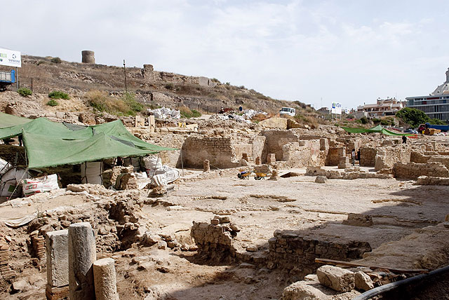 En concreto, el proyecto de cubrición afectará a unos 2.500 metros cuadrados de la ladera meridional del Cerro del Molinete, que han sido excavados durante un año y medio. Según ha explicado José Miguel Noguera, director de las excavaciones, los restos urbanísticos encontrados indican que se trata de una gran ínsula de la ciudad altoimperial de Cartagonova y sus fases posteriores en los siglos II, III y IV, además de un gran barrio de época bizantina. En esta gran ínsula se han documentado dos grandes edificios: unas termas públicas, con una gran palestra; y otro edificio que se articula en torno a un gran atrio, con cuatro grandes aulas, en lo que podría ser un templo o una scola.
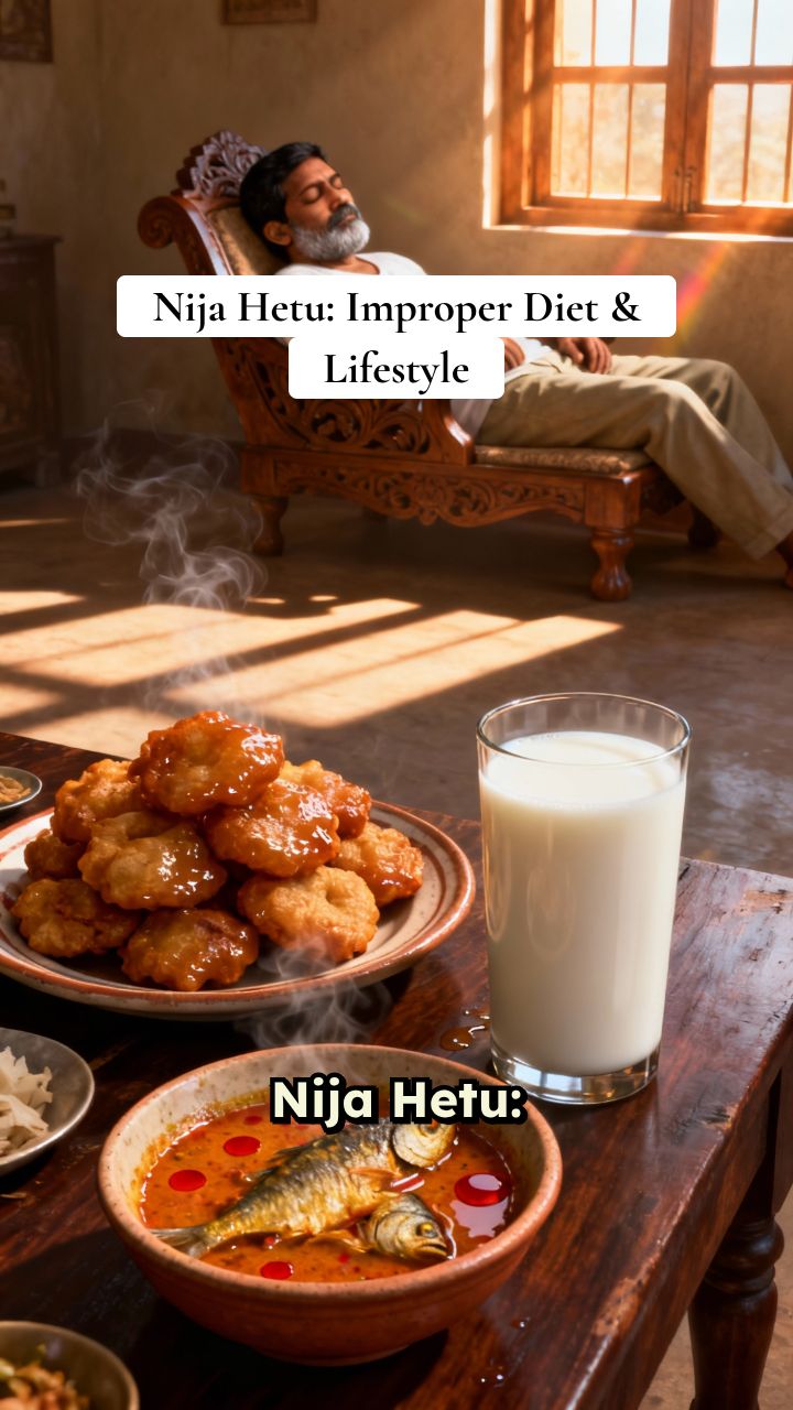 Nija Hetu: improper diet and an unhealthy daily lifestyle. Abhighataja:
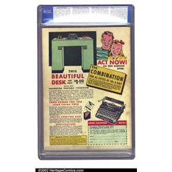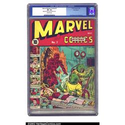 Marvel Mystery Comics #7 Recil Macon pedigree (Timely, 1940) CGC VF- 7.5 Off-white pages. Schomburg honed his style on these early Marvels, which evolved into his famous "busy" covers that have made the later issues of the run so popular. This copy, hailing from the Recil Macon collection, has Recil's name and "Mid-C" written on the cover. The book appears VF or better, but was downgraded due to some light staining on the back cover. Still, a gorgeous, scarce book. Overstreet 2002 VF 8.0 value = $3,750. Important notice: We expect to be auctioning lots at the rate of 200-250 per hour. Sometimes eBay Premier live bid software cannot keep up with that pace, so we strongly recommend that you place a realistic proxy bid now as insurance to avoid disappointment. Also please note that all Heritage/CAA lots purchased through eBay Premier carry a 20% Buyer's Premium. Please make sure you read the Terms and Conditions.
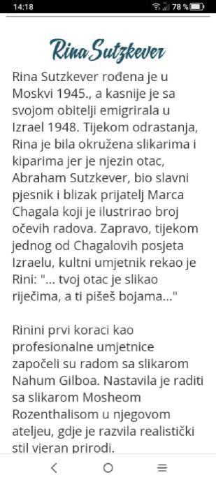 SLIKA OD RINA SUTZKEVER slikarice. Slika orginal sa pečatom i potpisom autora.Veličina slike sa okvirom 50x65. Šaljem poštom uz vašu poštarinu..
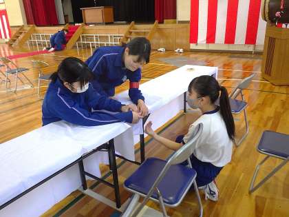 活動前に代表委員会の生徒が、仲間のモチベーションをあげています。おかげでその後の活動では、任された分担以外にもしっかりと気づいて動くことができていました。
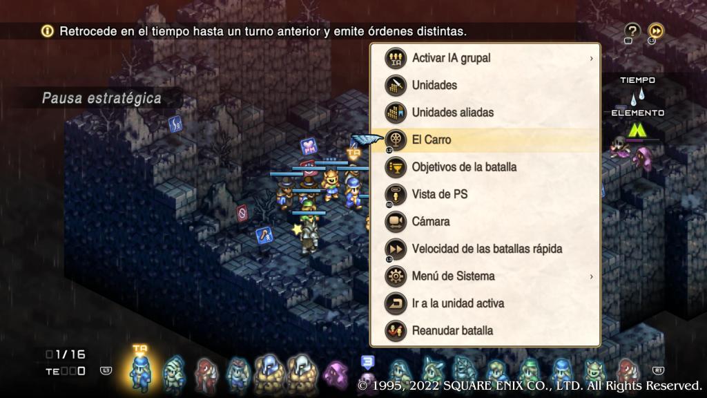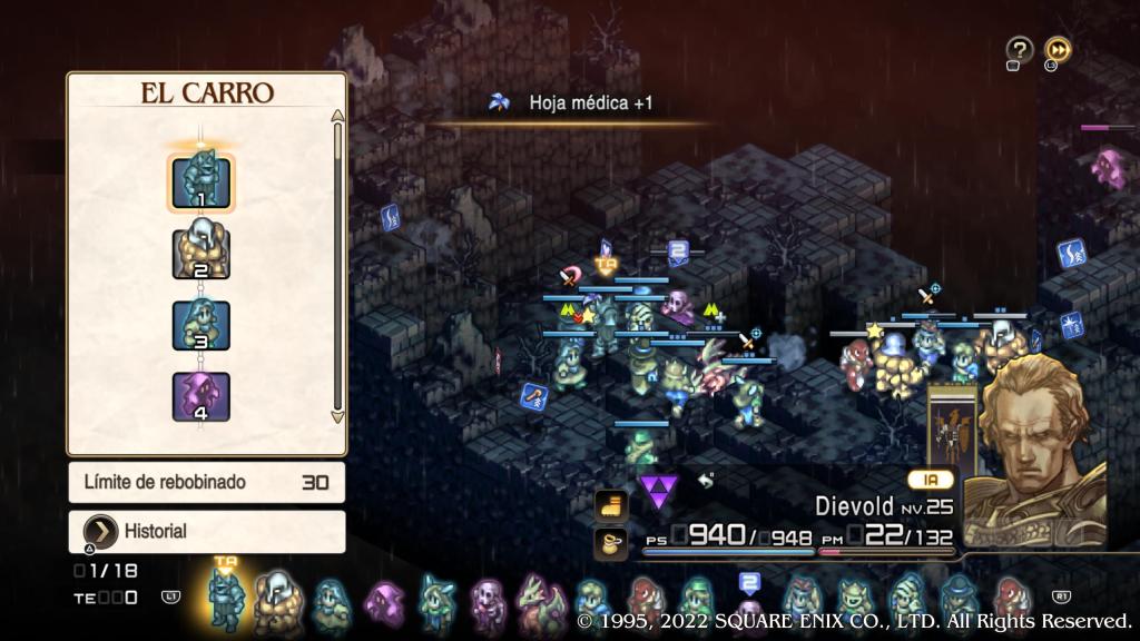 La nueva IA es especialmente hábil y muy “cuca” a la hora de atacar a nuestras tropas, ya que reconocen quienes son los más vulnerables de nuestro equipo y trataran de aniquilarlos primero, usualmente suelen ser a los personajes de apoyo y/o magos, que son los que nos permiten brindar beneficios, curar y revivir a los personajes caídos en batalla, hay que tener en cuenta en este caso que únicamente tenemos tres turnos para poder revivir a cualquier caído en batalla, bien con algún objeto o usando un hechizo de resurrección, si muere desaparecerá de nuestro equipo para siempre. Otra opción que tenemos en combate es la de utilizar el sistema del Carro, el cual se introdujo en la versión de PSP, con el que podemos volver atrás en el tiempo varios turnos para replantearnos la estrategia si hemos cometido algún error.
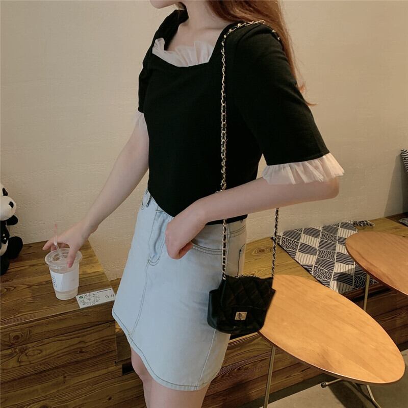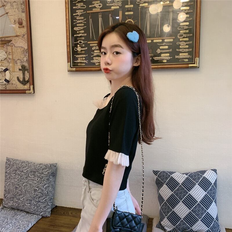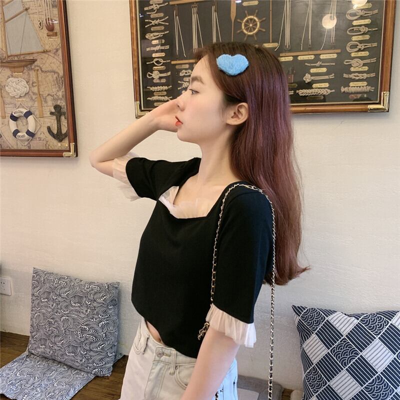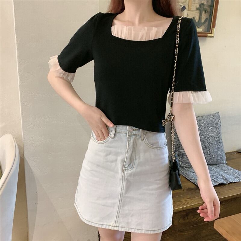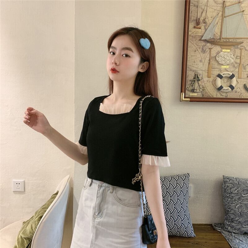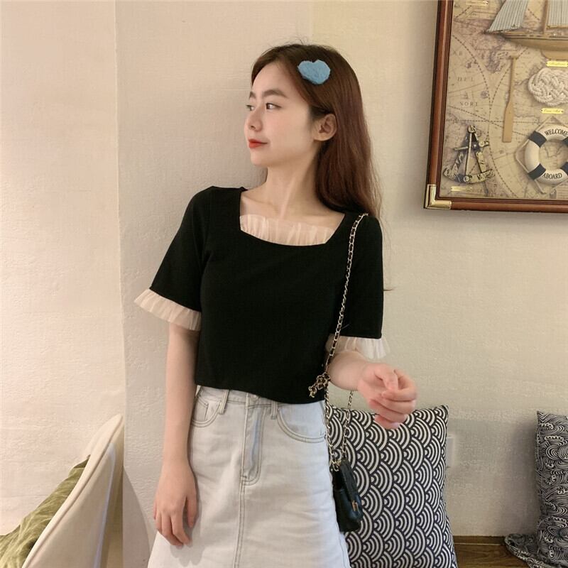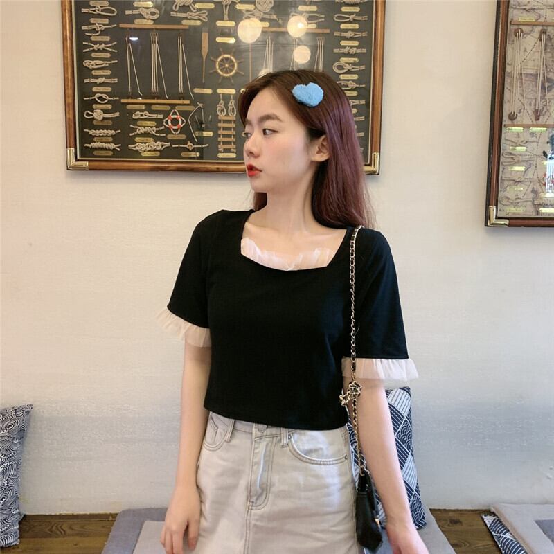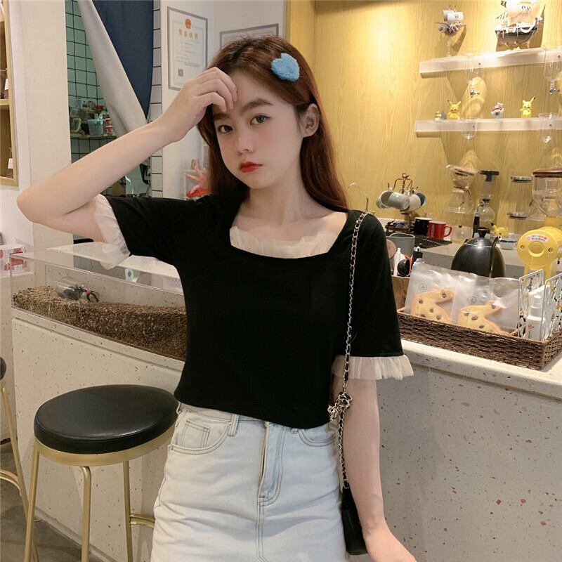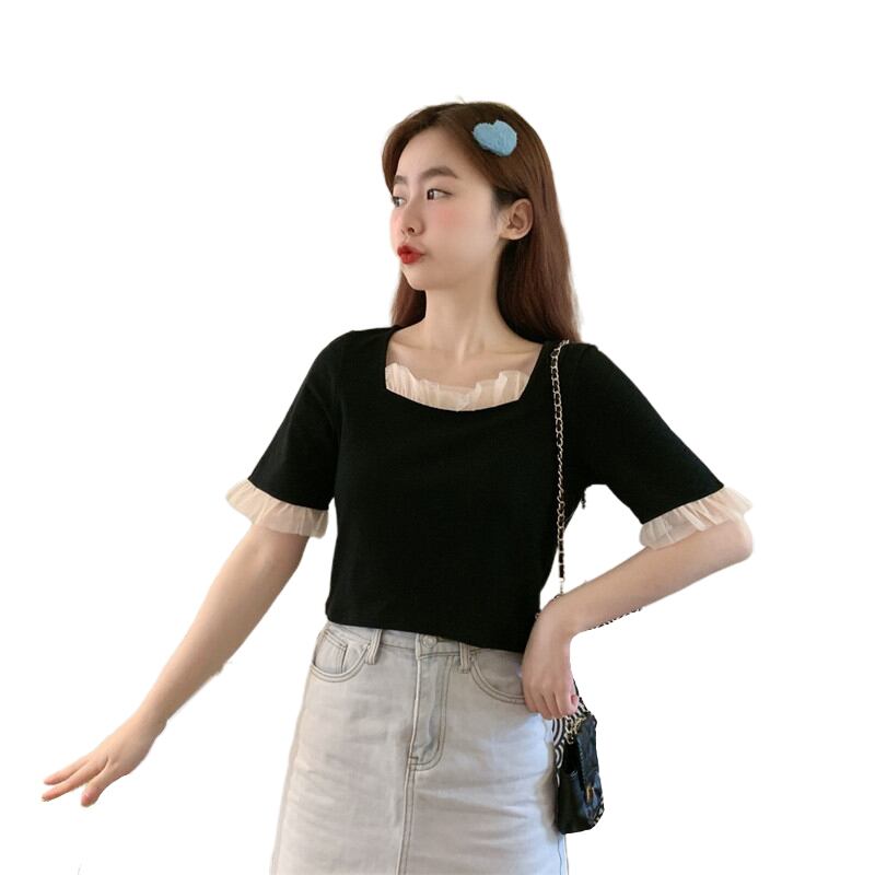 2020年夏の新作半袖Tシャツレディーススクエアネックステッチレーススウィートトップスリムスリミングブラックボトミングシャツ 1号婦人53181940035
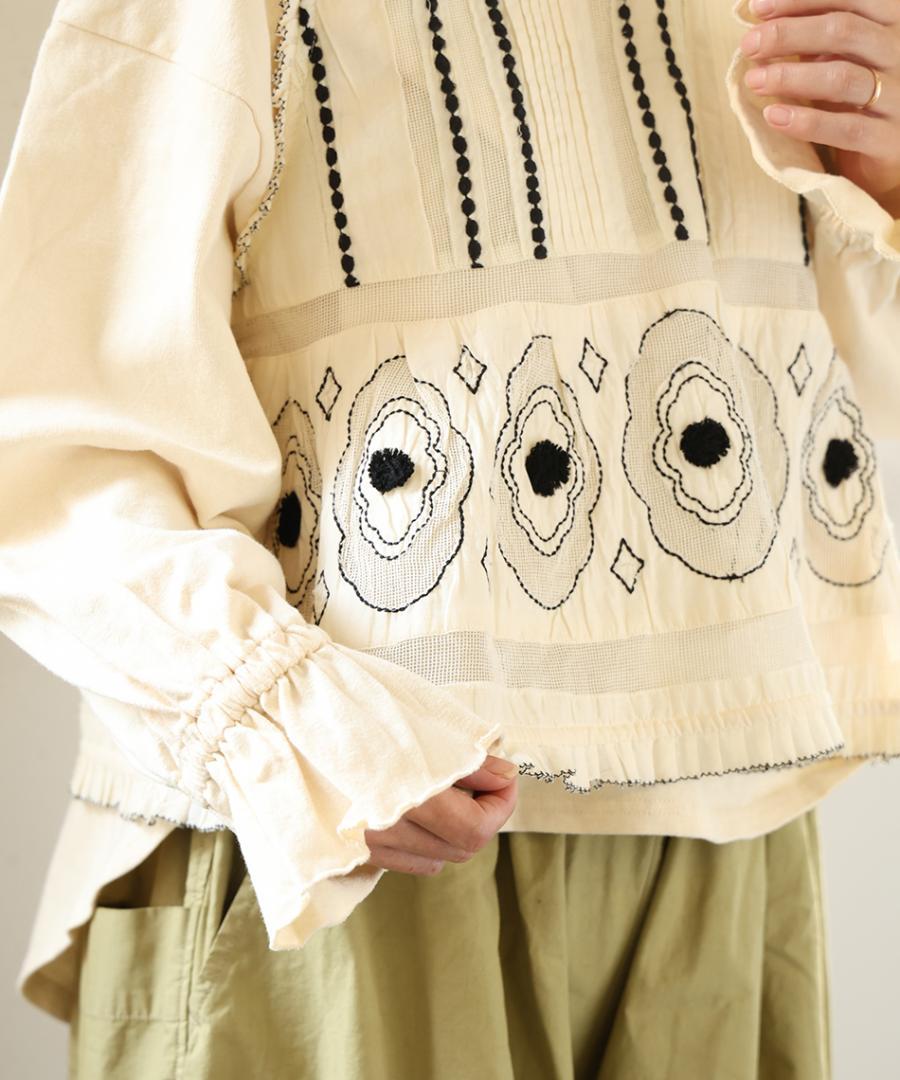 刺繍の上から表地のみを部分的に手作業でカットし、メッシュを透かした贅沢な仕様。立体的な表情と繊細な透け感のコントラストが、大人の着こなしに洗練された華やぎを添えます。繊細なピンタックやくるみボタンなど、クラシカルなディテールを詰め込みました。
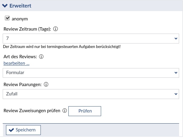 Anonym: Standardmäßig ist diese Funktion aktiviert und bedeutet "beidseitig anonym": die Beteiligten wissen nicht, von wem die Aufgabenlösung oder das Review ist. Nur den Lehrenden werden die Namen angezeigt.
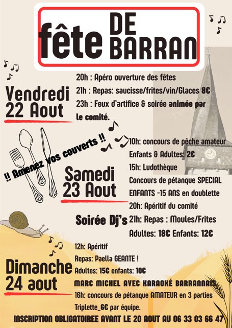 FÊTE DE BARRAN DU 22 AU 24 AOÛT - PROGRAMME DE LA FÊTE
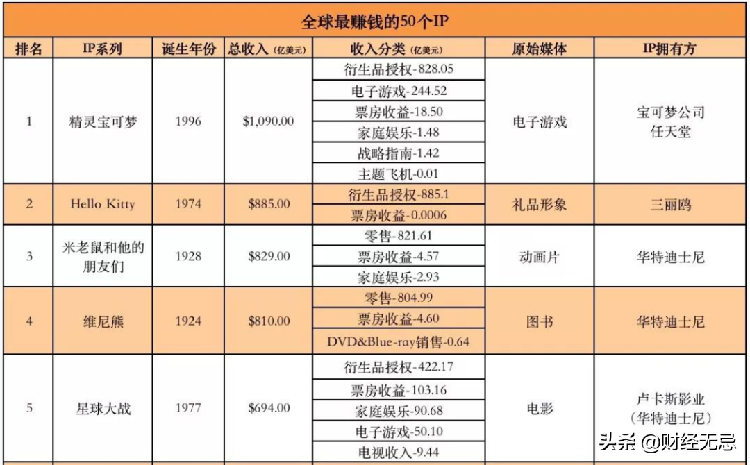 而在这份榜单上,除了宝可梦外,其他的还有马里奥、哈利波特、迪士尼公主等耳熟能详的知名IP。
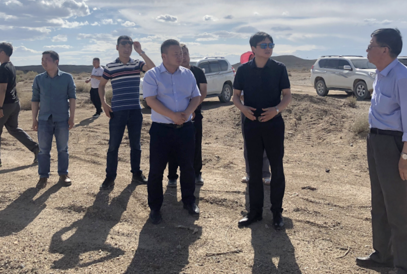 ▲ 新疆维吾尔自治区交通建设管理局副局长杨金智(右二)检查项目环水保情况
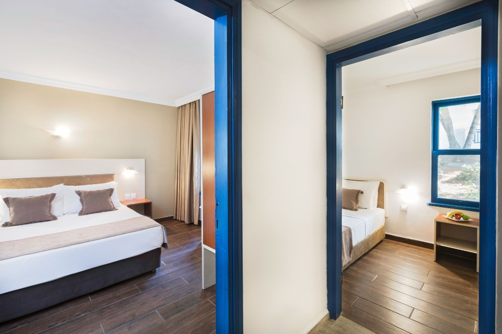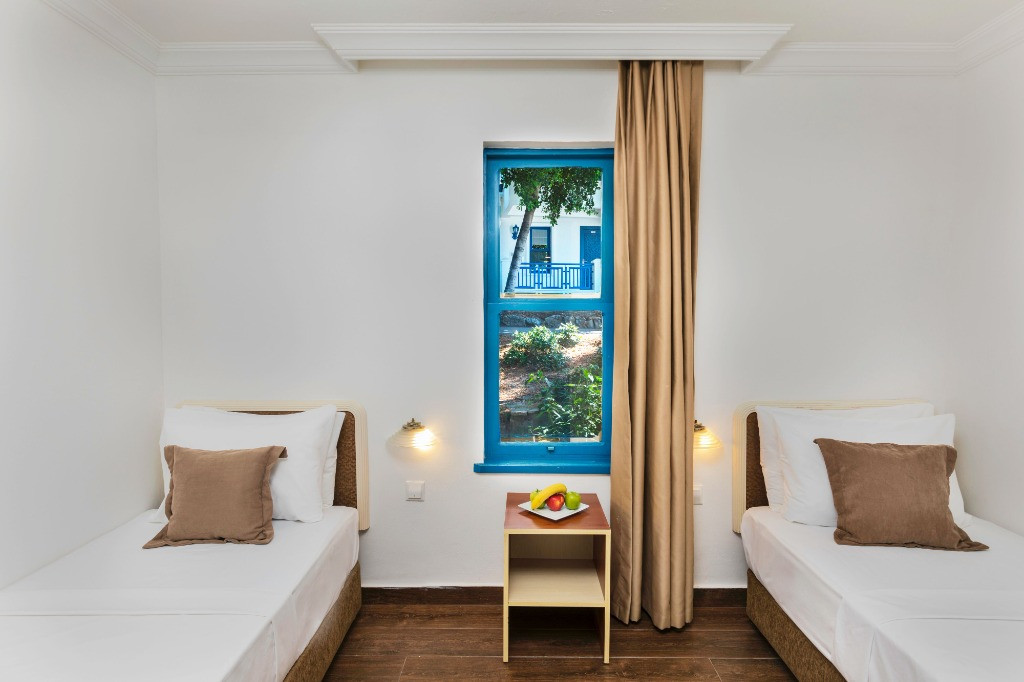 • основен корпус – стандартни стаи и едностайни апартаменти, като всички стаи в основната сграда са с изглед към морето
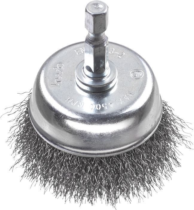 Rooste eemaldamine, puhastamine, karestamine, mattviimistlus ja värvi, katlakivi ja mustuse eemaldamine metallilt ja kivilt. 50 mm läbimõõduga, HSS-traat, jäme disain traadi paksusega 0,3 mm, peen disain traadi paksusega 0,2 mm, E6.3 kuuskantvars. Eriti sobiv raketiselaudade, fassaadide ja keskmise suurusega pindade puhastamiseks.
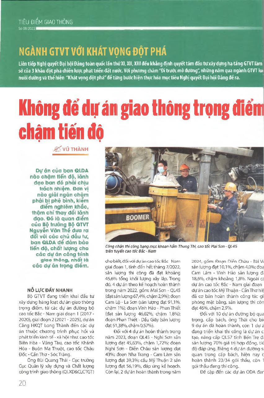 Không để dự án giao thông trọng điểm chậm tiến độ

++++

§ Exercise aim
The images in the entries above should be left out; please reproduce exactly the lines from the first through the one containing "Nija Hetu: improper".

§ Task solution
 En concreto, el proyecto de cubrición afectará a unos 2.500 metros cuadrados de la ladera meridional del Cerro del Molinete, que han sido excavados durante un año y medio. Según ha explicado José Miguel Noguera, director de las excavaciones, los restos urbanísticos encontrados indican que se trata de una gran ínsula de la ciudad altoimperial de Cartagonova y sus fases posteriores en los siglos II, III y IV, además de un gran barrio de época bizantina. En esta gran ínsula se han documentado dos grandes edificios: unas termas públicas, con una gran palestra; y otro edificio que se articula en torno a un gran atrio, con cuatro grandes aulas, en lo que podría ser un templo o una scola.
 Nija Hetu: improper diet and an unhealthy daily lifestyle. Abhighataja:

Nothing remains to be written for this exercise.